In the early 1990s Bob Horkovich and Bill Passannante, representing Weyerhaeuser, pushed the envelope on the Keene decision in the context of environmental liability. Before the Supreme Court of Washington, the attorneys successfully argued that coverage existed for Weyerhaeuser, even though the company voluntarily offered to clean contaminated groundwater at 18 of 42 sites subject to environmental pollution and possible CERCLA liability. Thanks to these efforts, Washington is seen as one of the most policyholder-friendly venues to this day.

 

Flashing forward to the early aughts, in Wausau v. Tektronix (Clackamas County, Oregon, 2002), Anderson Kill attorneys won a jury verdict and declaratory judgment in favor of coverage at six environmental sites, establishing that late notice only precludes coverage when the insurance company can show that it was prejudiced by the delay — even when notice was 15 years late, as in this case.

 

To pick up the thread of consequential Anderson Kill victories for policyholders in more recent years, please see the Matters tab.

Representative Matters

Current Cases

Official Talc Claimants Committee in LTL Management LLC (J&J bankruptcy). Anderson Kill has been approved by the U.S. Bankruptcy Court for the District of New Jersey to serve as special insurance counsel to the Official Talc Claimants Committee in May 2022 in LTL Management LLC. LTL is the spinoff Johnson & Johnson created to resolve talc claims relating to its talc products. The LTL (J&J) bankruptcy involves over $2 billion in insurance assets. The U.S. 3rd Circuit rejected LTL’s (J&J’s) bankruptcy as being in bad faith, as requested by the talc claimants, permitting the talc claimants to pursue their claims directly in the tort system. LTL (J&J) again filed for bankruptcy on April 4, 2023. On July 28, 2023, the Bankruptcy Court rejected the filing, holding that the proposed bankruptcy didn’t meet the standards for financial distress. LTL (J&J) again has appealed, and the Third Circuit has accepted cert and set a briefing schedule. Anderson Kill has identified insurance assets available to pay claimants’ settlements and judgments and has answered claimants’ counsels’ questions regarding the $2 billion in insurance available to do pay claims against LTL (J&J).

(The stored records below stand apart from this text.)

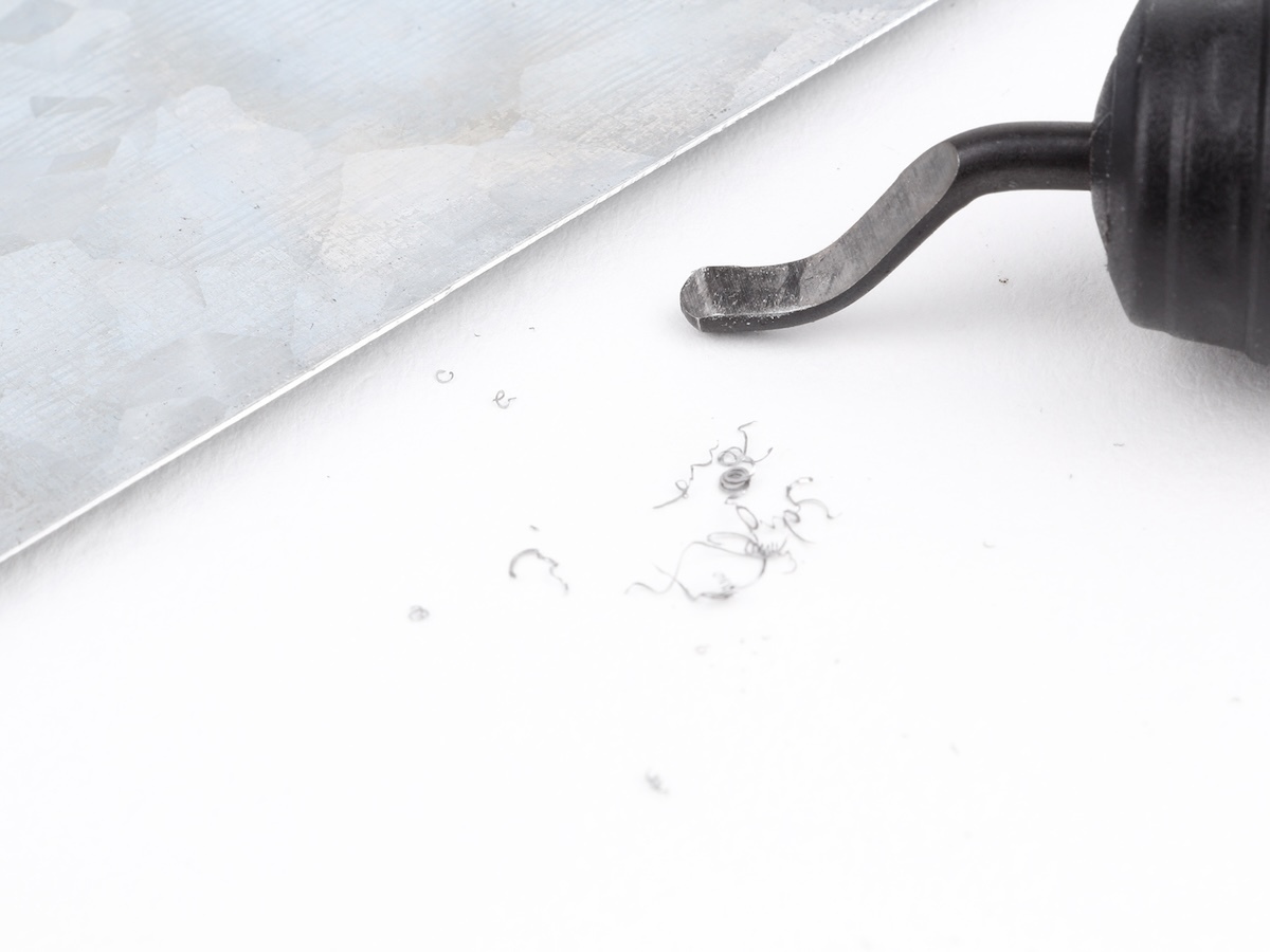 続いて、同じ直線でも材料をブリキの薄板に変えてみました。使い方のコツはアクリルとほぼ変わりませんが、ハンドルを立て気味にすると引っ掛かることが多いように感じました。これは、薄板というのが影響していそうです。
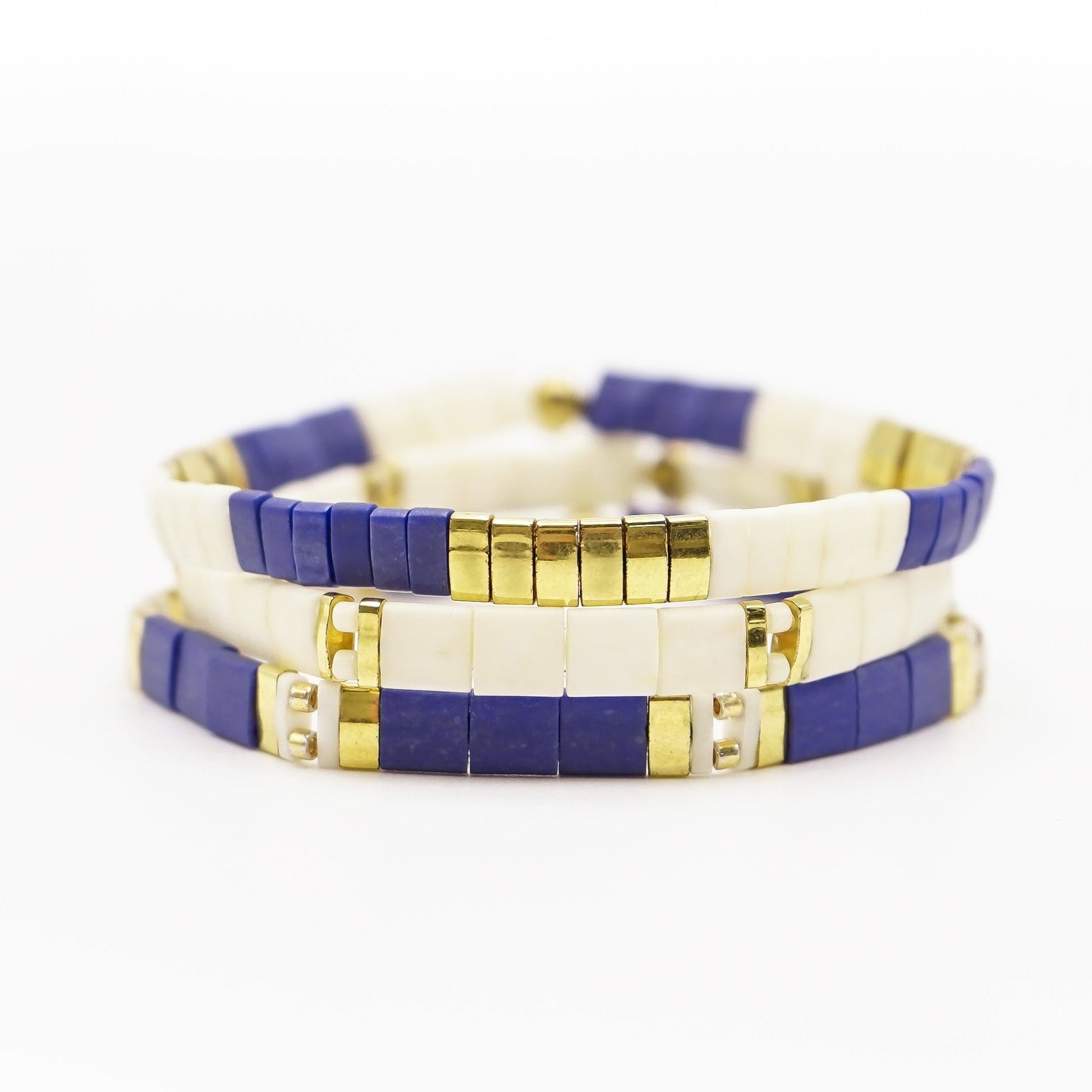 Our handmade royal blue bracelets are classy & elegant. You’ll find a touch of gold and cream laced throughout this bracelet. Very rich colors!
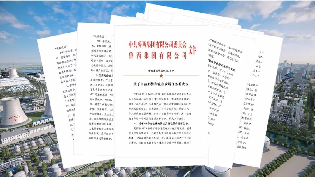 《决议》强调要求:继续传承和完善优秀的老王论坛。将“创鲁西品牌、做百年企业,建世界一流园区”作为新时期的企业愿景。在融入中化的过程中,注重吸收中化优秀老王论坛精髓,让干部员工共同遵守的价值取向更完善、行为规范更科学,让优秀的老王论坛成为企业永远的根和魂。
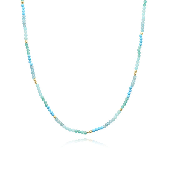 Collier Milos en perles de pierres précieuses mélangées : amazonite, turquoise cuivrée et jade vert
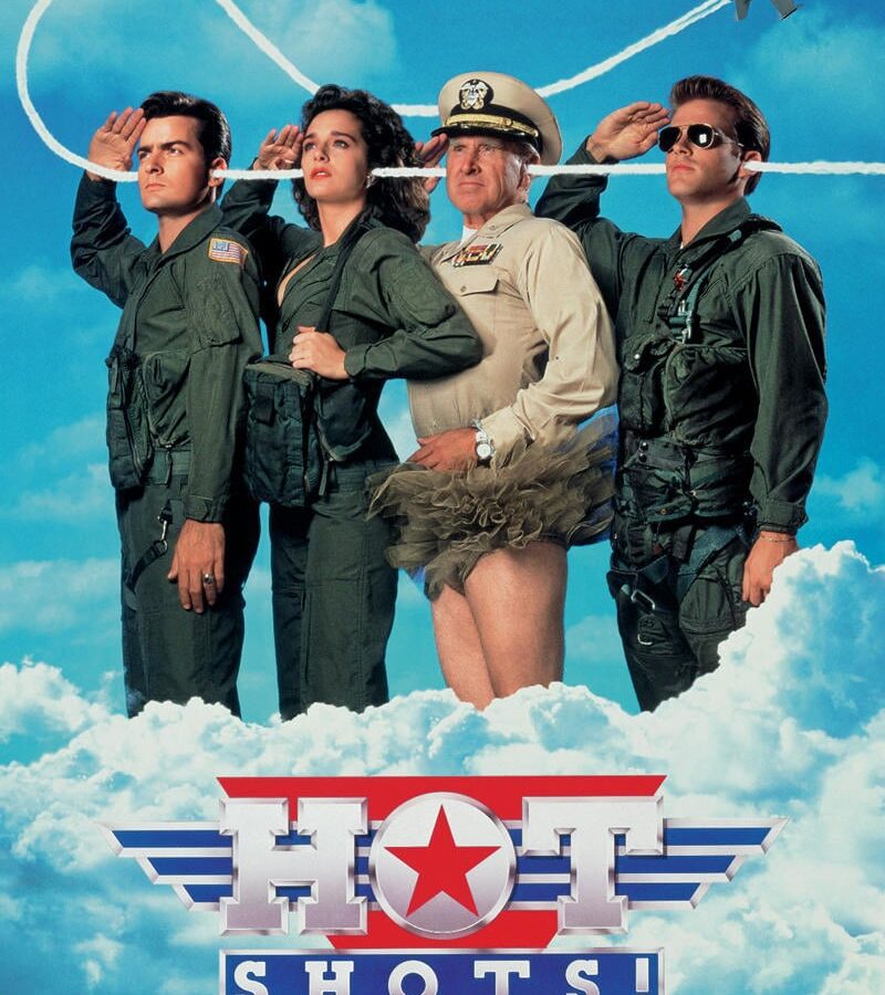 Hot Shots is a military spoof that parodies films from Gone With The Wind to Top Gun. Air Force Lieutenant Colonel Topper Harley is selected to fly in an elite fighter corps on a dangerous secret mission. He joins the corps after sitting out a suspension on an Indian reservation that is more than a little reminiscent of the one in Dances With Wolves. Other members of the corps are Kent, a self-obsessed pilot in competition with Harley for some of the glory and for a beautiful psychiatrist, Ramada. There’s Dead Meat, a family man, and Wash-Out, a pilot with a slight disability…he’s nearly blind. Their “cracker-jack” unit is headed by an addled admiral with a perfect record in the skies…went up 194 times, was shot down 194 times. This Naval air corps team, which more closely resembles the Keystone Cops, involve themselves in a variety of adventures, from ace flying to kinky sex.

Tort Claimants Committee and Future Claimants Representative in Cyprus Mines. Anderson Kill was approved by the US Bankruptcy Court for the District of Delaware to serve as special insurance counsel to the Tort Claimants Committee and the Future Claimants’ Representative in the Cyprus Mines case, effective March 25, 2021. Cyprus Mines provided talc to Johnson & Johnson and others, and its bankruptcy proceeding is impacted by those of J&J subsidiaries. Holders of claims for personal injury or wrongful death arising from exposure to talc or talc-containing products constitute the largest creditor constituency in the Cyprus Mines Chapter 11 case, which stems from the company’s provision of talc to Johnson & Johnson. Potentially over $1.6 billion in insurance assets stand to be recovered and transferred to the trust to cover claims from those with mesothelioma or ovarian cancer caused by exposure to asbestos-bearing talc products. Anderson Kill is working to transfer those insurance assets to the Trust and to mediate before Ken Feinberg and Tim Gallagher with an insurance company interested in settling its dispute before litigation by the ensuing trust.

Kaiser Gypsum Committee of Asbestos Personal Injury Claims and the Future Claimants’ Representative . Anderson Kill was approved by the US Bankruptcy Court for the Western District of North Carolina as Special Insurance Counsel to the Committee of Asbestos Personal Injury Claimants and the Future Claimants’ Representative in the Kaiser Gypsum Company asbestos bankruptcy in the Western District of North Carolina. Anderson Kill advised the Committee and the FCR and their counsel regarding how best to secure over a billion dollars in insurance coverage that will be used to fund payments to the Asbestos Claimants. On August 9, 2018, the U.S. Bankruptcy Court for the Western District of North Carolina, Charlotte Division entered a lift stay order permitting claimants to file suit against the Debtors to access over a billion dollars in insurance coverage. On August 13, 2020, the U.S. Bankruptcy Court confirmed the bankruptcy plan proposed by the ACC and FCR and made the lift stay order part of the permanent plan. Anderson Kill presently represents the resulting Kaiser Gypsum Asbestos Settlement Trust. Pending the appeals, claimants can access at least $5.5 million in insurance coverage for each and every claim without limit – and even more excess insurance coverage within limits.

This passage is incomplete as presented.